I’ve only been studying R for a few weeks. It’s my second programming language, and I’m only a beginner at my first – python.
R is strangely strange. It looks a bit like java with all its brackets, but then goes and uses “<-” for designating variables, as if the universal “=” wasn’t good enough. In my accumulation of anecdotal evidence, I explain some of these superficial characteristics as effects of the R’s creation ethos: be a language for non-programmer statisticians, whilst allowing them to use it as a sophisticated language relative to their position on the learning curve.
I’m sure there are many differences but a few have stood out more than others to these eye’s first impression:
(A) Writing in R is more dynamic. You can kinda write some variables, and functions, and then run them, thereby loading them into the environment. Once they’re in the environment you can keep playing with them, going back and forth between the code and the shell, perhaps re-running a function if it has been edited, so as to update its reference in the environment.
(B) R doesn’t have objects. But it has functions that act like objects. Technically they’re S3 and S4 objects, but from my perspective it seems to depend on some memory disposal hijinks. In R, function return their last statement, and their internal variables normally thereafter destroyed. But if the returning statement of a function contains pointers to variables within the function, then the memory is not recycled, and the internal variables (including functions) can be referenced as if that function were an object.

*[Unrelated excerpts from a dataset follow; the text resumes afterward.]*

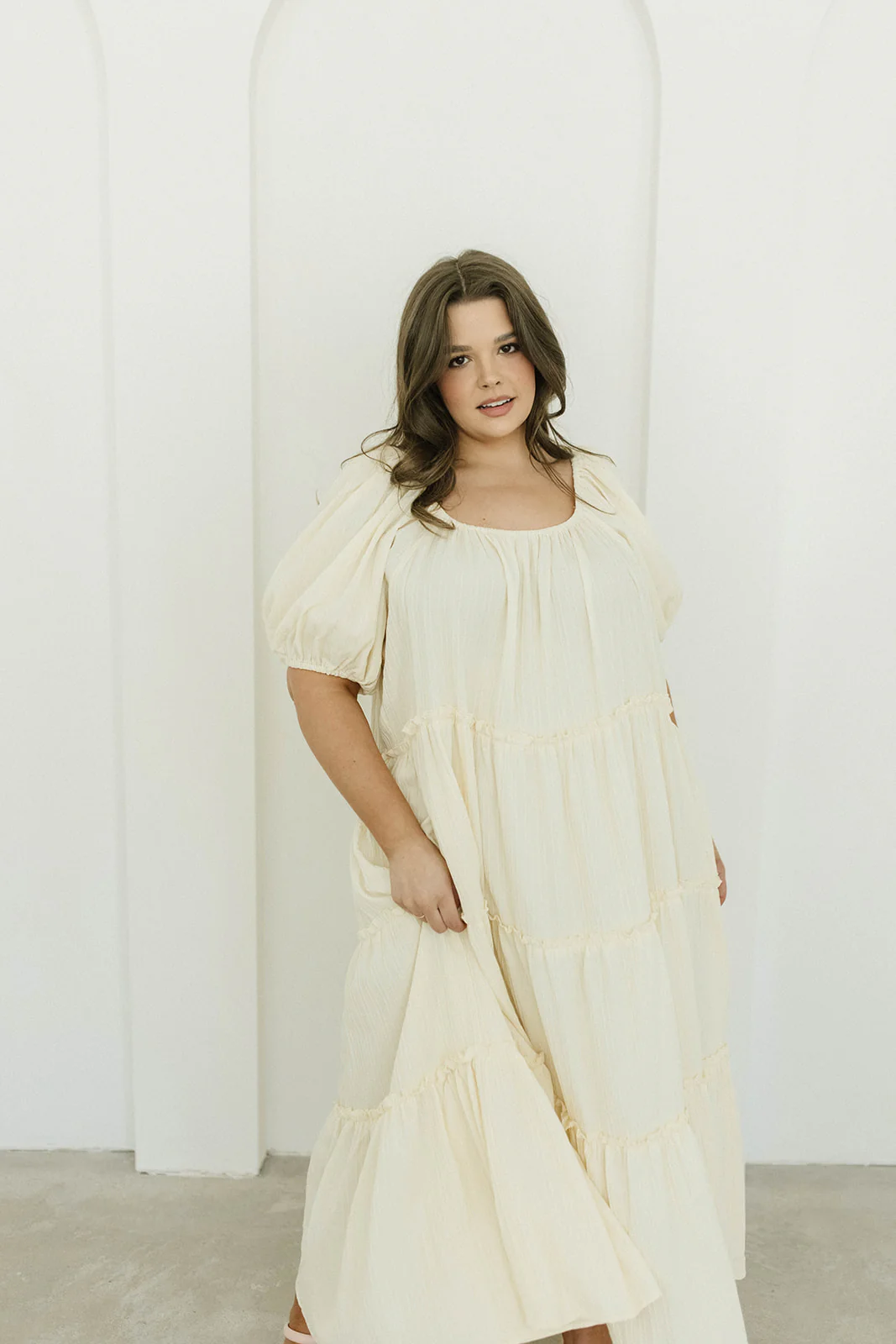 Eva Puffed Sleeve Maxi Dress in Cream - Bump Friendly & Inclusive Sizing (S-3XL)
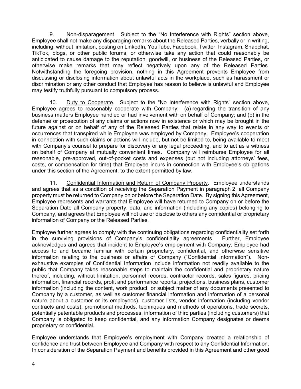 4 9. Non-disparagement. Subject to the “No Interference with Rights” section above, Employee shall not make any disparaging remarks about the Released Parties, verbally or in writing, including, without limitation, posting on LinkedIn, YouTube, Facebook, Twitter, Instagram, Snapchat, TikTok, blogs, or other public forums, or otherwise take any action that could reasonably be anticipated to cause damage to the reputation, goodwill, or business of the Released Parties, or otherwise make remarks that may reflect negatively upon any of the Released Parties. Notwithstanding the foregoing provision, nothing in this Agreement prevents Employee from discussing or disclosing information about unlawful acts in the workplace, such as harassment or discrimination or any other conduct that Employee has reason to believe is unlawful and Employee may testify truthfully pursuant to compulsory process. 10. Duty to Cooperate. Subject to the “No Interference with Rights” section above, Employee agrees to reasonably cooperate with Company: (a) regarding the transition of any business matters Employee handled or had involvement with on behalf of Company; and (b) in the defense or prosecution of any claims or actions now in existence or which may be brought in the future against or on behalf of any of the Released Parties that relate in any way to events or occurrences that transpired while Employee was employed by Company. Employee’s cooperation in connection with such claims or actions will include, but not be limited to, being available to meet with Company’s counsel to prepare for discovery or any legal proceeding, and to act as a witness on behalf of Company at mutually convenient times. Company will reimburse Employee for all reasonable, pre-approved, out-of-pocket costs and expenses (but not including attorneys’ fees, costs, or compensation for time) that Employee incurs in connection with Employee’s obligations under this section of the Agreement, to the extent permitted by law. 11. Confidential Information and Return of Company Property. Employee understands and agrees that as a condition of receiving the Separation Payment in paragraph 2, all Company property must be returned to Company on or before the Separation Date. By signing this Agreement, Employee represents and warrants that Employee will have returned to Company on or before the Separation Date all Company property, data, and information (including any copies) belonging to Company, and agrees that Employee will not use or disclose to others any confidential or proprietary information of Company or the Released Parties. Employee further agrees to comply with the continuing obligations regarding confidentiality set forth in the surviving provisions of Company’s confidentiality agreements. Further, Employee acknowledges and agrees that incident to Employee’s employment with Company, Employee had access to and became familiar with certain proprietary, confidential, and otherwise sensitive information relating to the business or affairs of Company (“Confidential Information”). Non- exhaustive examples of Confidential Information include information not readily available to the public that Company takes reasonable steps to maintain the confidential and proprietary nature thereof, including, without limitation, personnel records, contractor records, sales figures, pricing information, financial records, profit and performance reports, projections, business plans, customer information (including the content, work product, or subject matter of any documents presented to Company by a customer, as well as customer financial information and information of a personal nature about a customer or its employees), customer lists, vendor information (including vendor contracts and costs), promotional methods, techniques and methods of operations, trade secrets, potentially patentable products and processes, information of third parties (including customers) that Company is obligated to keep confidential, and any information Company designates or deems proprietary or confidential. Employee understands that Employee’s employment with Company created a relationship of confidence and trust between Employee and Company with respect to any Confidential Information. In consideration of the Separation Payment and benefits provided in this Agreement and other good
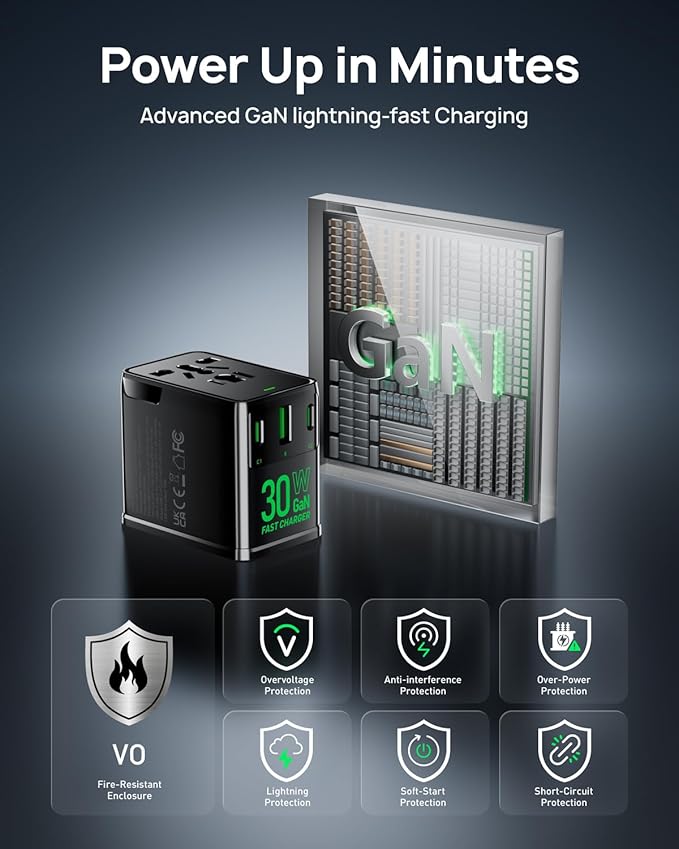 - Power Up in Minutes: Wollzz universal travel adapter is built with advanced GaN to give you the lightning-fast charging experience. Delivers up to 30W and supports PD 3.0 and QC 3.0. It could recharge an iPhone 16 to 50% in just 28 minutes. (Results may vary by device, cable, and conditions.)
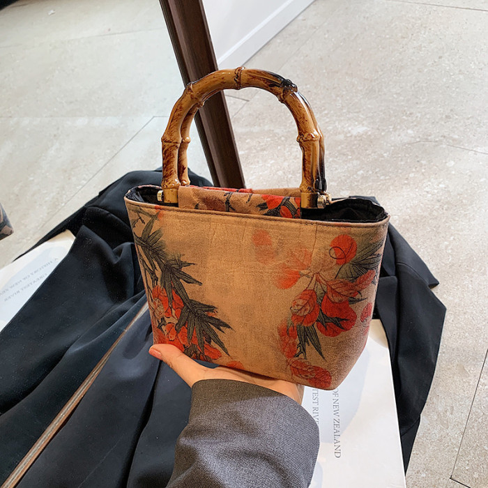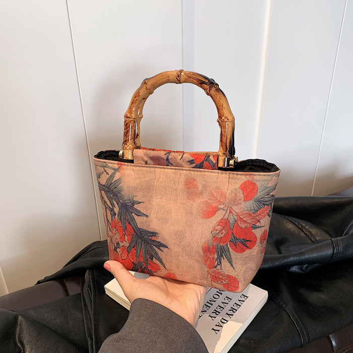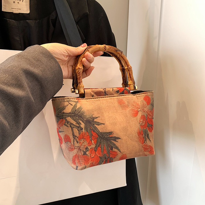 竹節手提小包包女士2024春夏新款國風新中式旗袍包漢服木柄手拎包
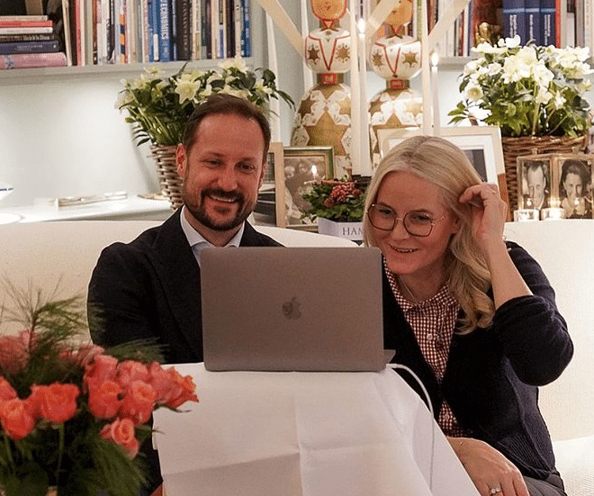 En hier een recente foto, het stel thuis aan het werk tijdens de pandemie. Leuk leesbrilletje, Mette-Marit!
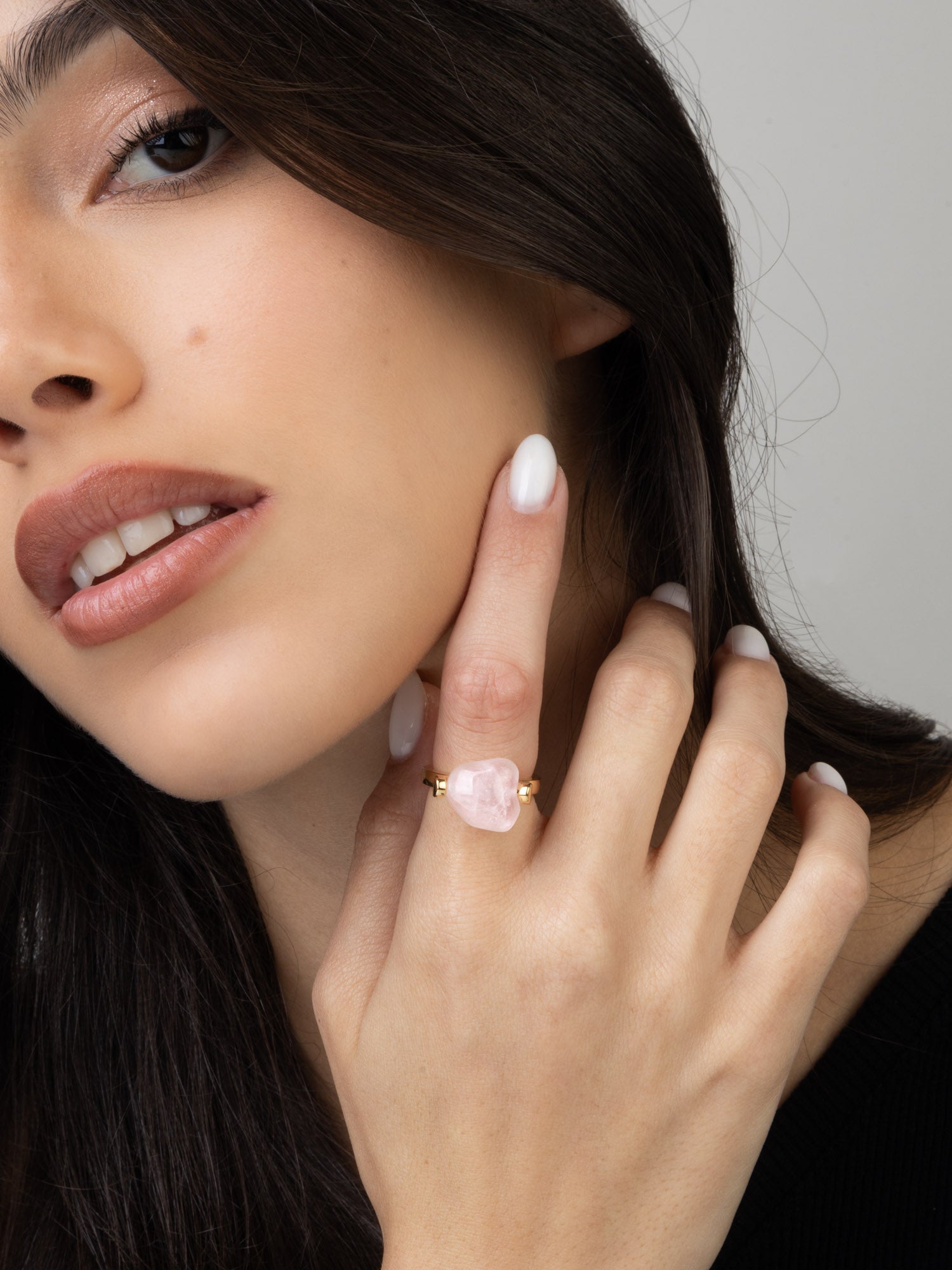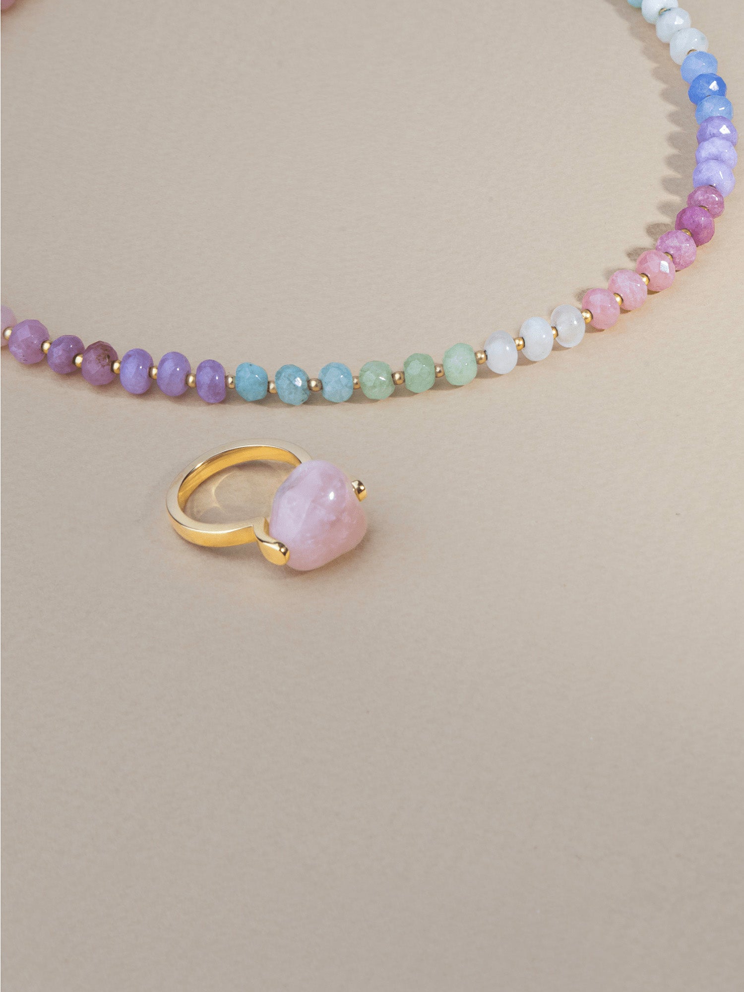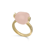 Anillo Delicado, Bañado en oro, Cuarzo rosa artificial
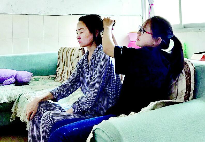 王渝玥原計劃跟同學(xué)開暑期培訓(xùn)班,這樣可給媽媽掙點藥費,但沒想到媽媽病情惡化,她只好放棄開班的想法全身心陪護母親。從沒干過家務(wù)的她,拿起了拖把拖地,學(xué)會了簡單做飯,每天幫母親洗澡,扶著母親上下床、上衛(wèi)生間?!吧洗髮W(xué)的日子越來越近,我要好好陪媽媽,她已沒法陪我一起去北京了……”王渝玥說到這里淚如雨下。
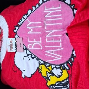 NWT Peanuts Red and Pink Be My Valentine Crew Neck Sweater Size Large
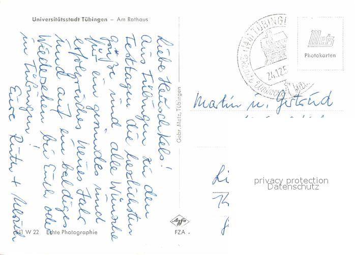 72633271 alte Postkarte TueBINGEN BW Am Rathaus Weihnachtsbaum Universitaetsstadt Nachtaufnahme postalisch gelaufen Erhaltung siehe scans [FriedD77] KatCode: 11110008416041
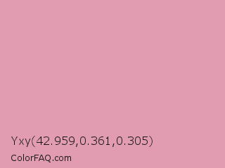 Yxy 42.959,0.361,0.305 Color is a light rose color and the nearest color is Light Thulian Pink #e68fac. Hex code #e19cb1 and RGB value is rgb(225,156,177). In RGB color space, this color is composed of 88% red, 61% green, 69% blue, In CMYK color space, this color is composed of 0% cyan, 31% magenta, 21% yellow , 12% black , In HSL color space, this color has a hue angle of 342° , 53% saturation and 75% lightness.
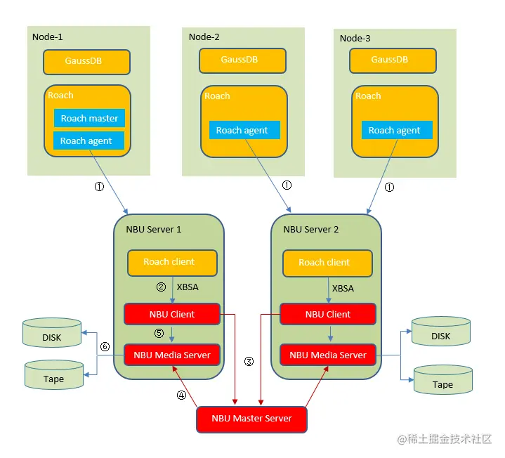 假如已有 3 节点 DWS 集群,Roach(DWS 备份工具)将本节点的集群数据通过 TCP 发送到远端 NBU Media Server 机器。每台 NBU Media Server 上面同时安装 NBU Client,并部署 Roach client 组件,后者接收集群内 Roach 进程发来的备份数据,不落盘方式通过 XBSA 接口转发给本机的 NBU Client,完成 NBU 备份。恢复流程也类似,只是数据流相反。
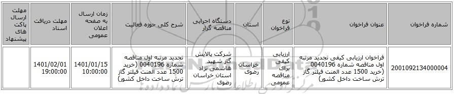 مناقصه، فراخوان ارزیابی کیفی تجدید مرتبه اول مناقصه شماره 0040196 (خرید 1500 عدد المنت فیلتر گاز ترش ساخت داخل کشور), فراخوان ارزیابی کیفی تجدید مرتبه اول مناقصه شماره 0040196 (خرید 1500 عدد المنت فیلتر گاز ترش ساخت داخل کشور)

(C) The variable types are different. Their are still character, boolean, and numeric variable types, but arrays are now organized depending on uniformity of a set’s data types – in which case it can form a vector, or else a list, which can be labelled in the manner of a dictionary. The common use of vectors vs lists vs data.frames, and the implications and translation from one to the other is very different from Python where typing is often (not always) ignored.
(D) Some of the argument parameters in R seem confusingly flexible. The most obvious instance of this is the use of data.frame filter() that can accept a literal name of column (e.g. name_of_col), or a literal column (e.g. [df[[name_of_col]). This confuses me because its not clear when and how keyword arguments are identified, and when an optional keyword argument can use a variable name (e.g. in the case of conditions when using subset() to test a column name identified by a variable). My thinking at this stage is that it may not matter, that it may have to do with scoping rules (which are different in R to python), and that it may have to do with mechanics of the magic that occurs behind the scenes.